→ **Data under study**
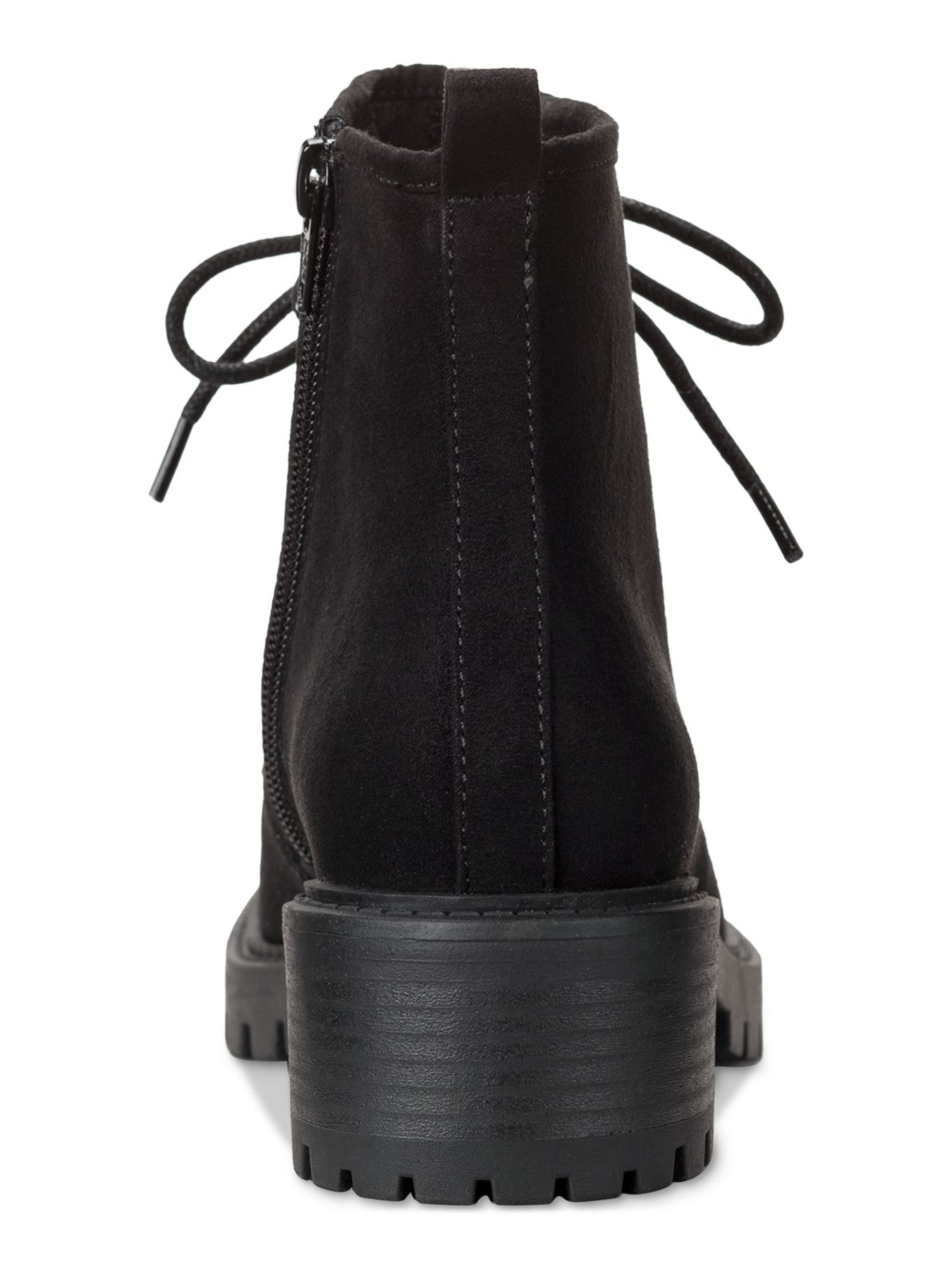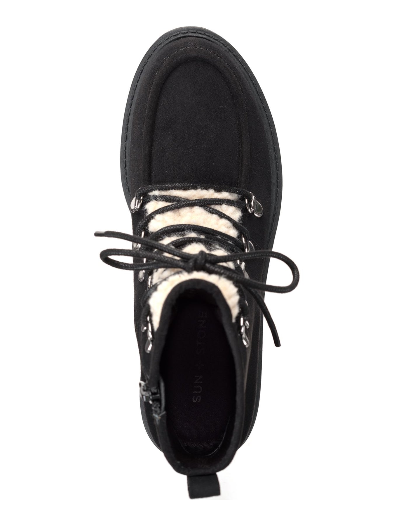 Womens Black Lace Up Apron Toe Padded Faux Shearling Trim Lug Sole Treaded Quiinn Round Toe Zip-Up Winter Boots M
...
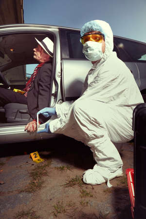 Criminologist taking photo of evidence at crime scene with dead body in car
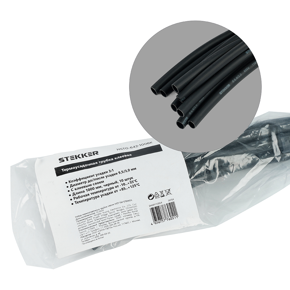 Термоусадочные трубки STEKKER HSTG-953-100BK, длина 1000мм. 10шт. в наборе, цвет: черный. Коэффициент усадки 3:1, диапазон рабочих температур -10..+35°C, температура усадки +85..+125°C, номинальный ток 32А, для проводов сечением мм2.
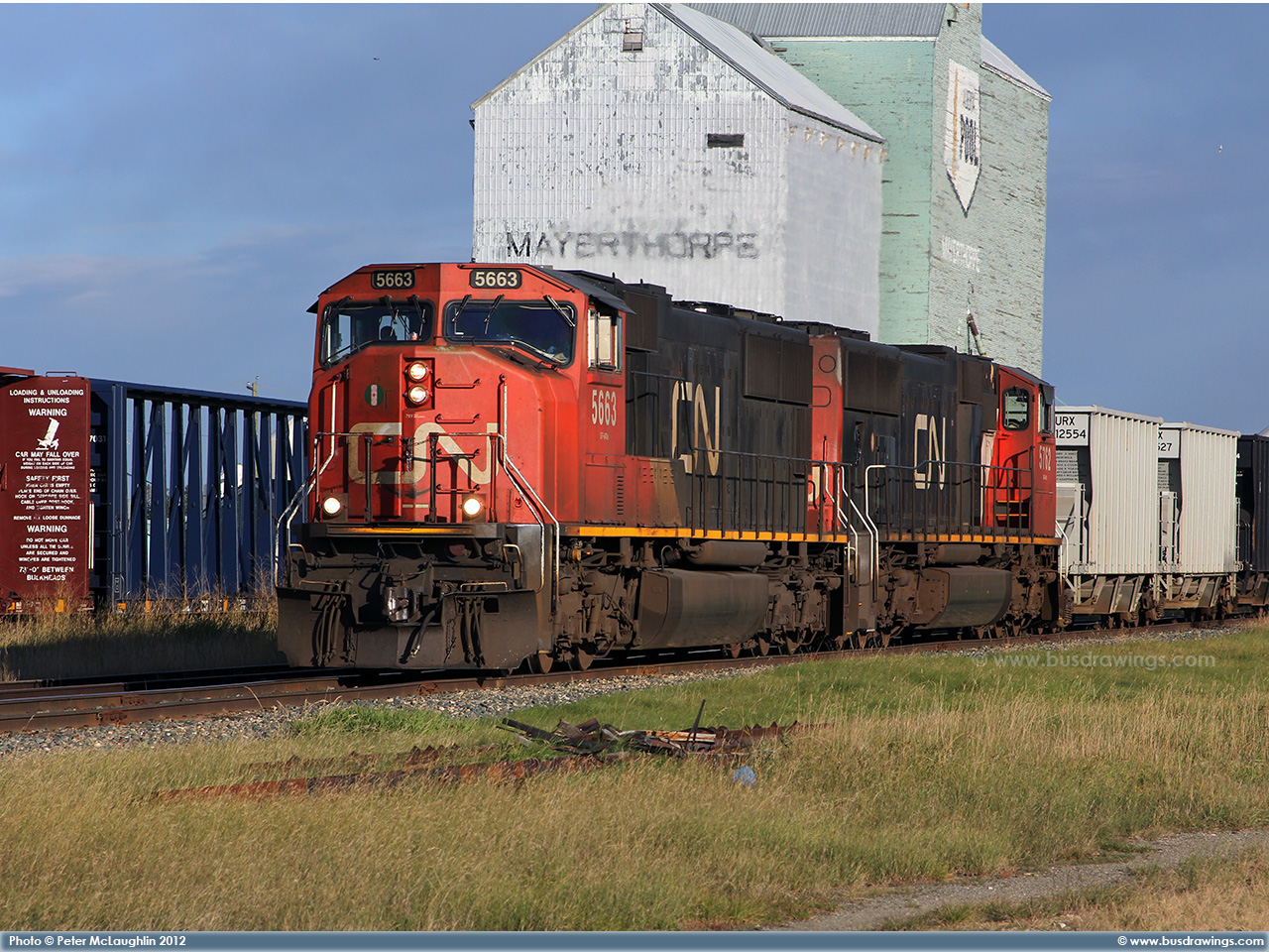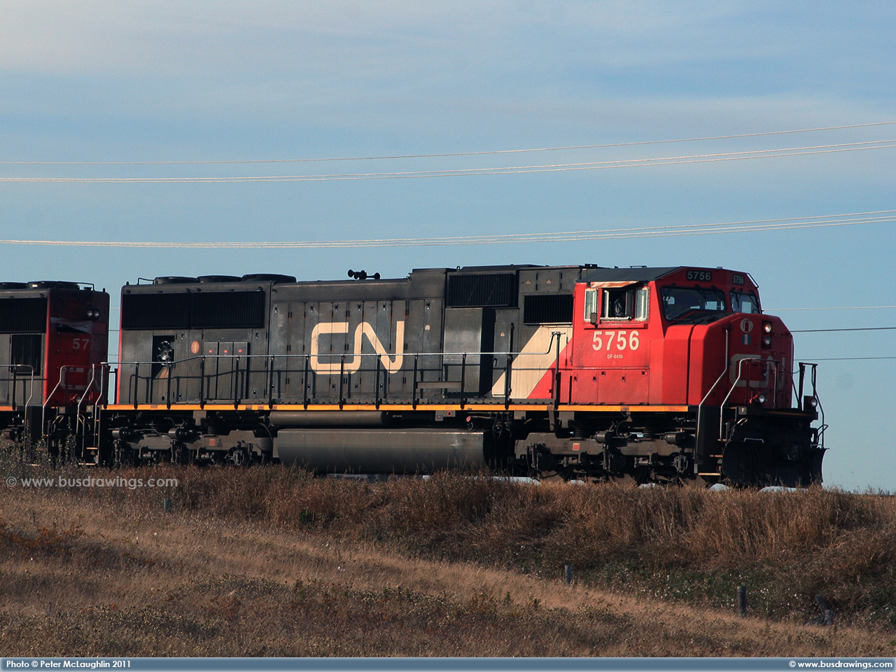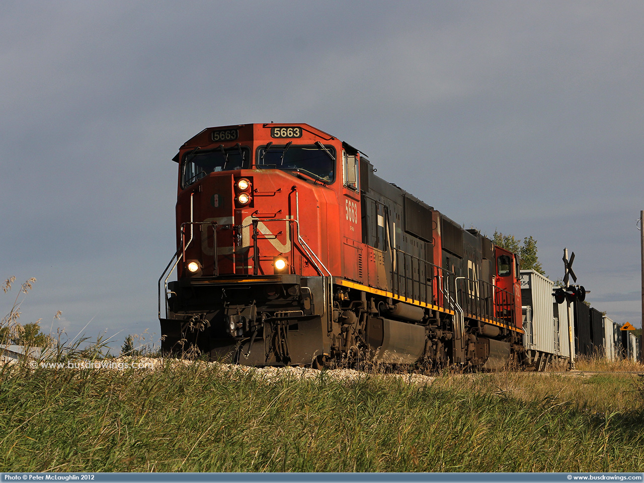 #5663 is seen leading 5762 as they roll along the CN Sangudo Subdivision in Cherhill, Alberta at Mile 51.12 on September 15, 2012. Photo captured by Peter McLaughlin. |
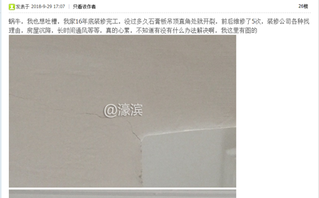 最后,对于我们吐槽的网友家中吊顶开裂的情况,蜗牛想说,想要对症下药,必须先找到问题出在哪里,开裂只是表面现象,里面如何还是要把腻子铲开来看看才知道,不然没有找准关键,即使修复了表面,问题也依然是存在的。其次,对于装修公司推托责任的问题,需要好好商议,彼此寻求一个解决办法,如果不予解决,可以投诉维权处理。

→ **Exercise directions**
What is needed is an exact copy of the lines above, from the one holding "#5663 is seen" down to the one holding "最后,对于我们吐槽的网友家中", with those two included and the pictures left out.

→ **Response for this exercise**
 #5663 is seen leading 5762 as they roll along the CN Sangudo Subdivision in Cherhill, Alberta at Mile 51.12 on September 15, 2012. Photo captured by Peter McLaughlin. |
 最后,对于我们吐槽的网友家中吊顶开裂的情况,蜗牛想说,想要对症下药,必须先找到问题出在哪里,开裂只是表面现象,里面如何还是要把腻子铲开来看看才知道,不然没有找准关键,即使修复了表面,问题也依然是存在的。其次,对于装修公司推托责任的问题,需要好好商议,彼此寻求一个解决办法,如果不予解决,可以投诉维权处理。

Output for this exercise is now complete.